Colonel Tom Gaitskill sprang to his feet, seized Dr. Sentelle’s walking stick by the little end, and flourished it at Hopey.
“Hopey!” he whooped to be heard above the noise, “you take that—infernal—female—wench out of this house. Do it now! I’ll——”
Diada turned around and looked at Colonel Gaitskill. She beheld an immense club flourished threateningly above her head. On the day before, she had seen old Isaiah at the hog-camp waving an ax at her with the same menacing gesture.
With a loud whoop, Diada sprang across the drawing-room, dived headfirst through a large plateglass window, ran across the yard, and departed from Colonel Tom Gaitskill’s hospitable home forever.
V
HITCH ENLISTS THE PARSON’S AID
On the following morning, Mrs. Tom Gaitskill had a real cause for worry: Diada could not be found and was last seen going toward the Little Moccasin Swamp.
This swamp was twelve miles long and eight wide, traversed by winding streams of slow-moving, oily, yellow water, abounding with quagmires, full of poisonous vines and deadly serpents, the feeding range of wild hogs as vicious as wolves. It was a man-trap, a dreadful place to all except the most experienced woodsmen.
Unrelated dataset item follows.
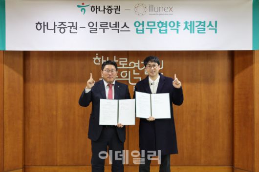 최원영 하나증권 디지털본부장(왼쪽), 박진혁 일루넥스 대표이사(오른쪽)가 협약식에 참여해 기념촬영하고 있다. (사진=하나증권) |

Many a hunter had led his squirrel-dog into that swamp, and only the dog found his way back home. The man’s friends found him a few days later by watching the spiral flight of the buzzards concentrating at one spot in the jungle.
“Tom,” Mrs. Gaitskill exclaimed in anxious tones, “you must send Hitch Diamond after Diada at once!”
“Let her go!” Gaitskill replied indifferently. “I’m surfeited with her society. Maybe she’ll come back after a while.”
“You know she will not, Tom,” Mrs. Gaitskill protested with glistening eyes. “If she is not captured before she gets too deep in that swamp, she is gone forever.”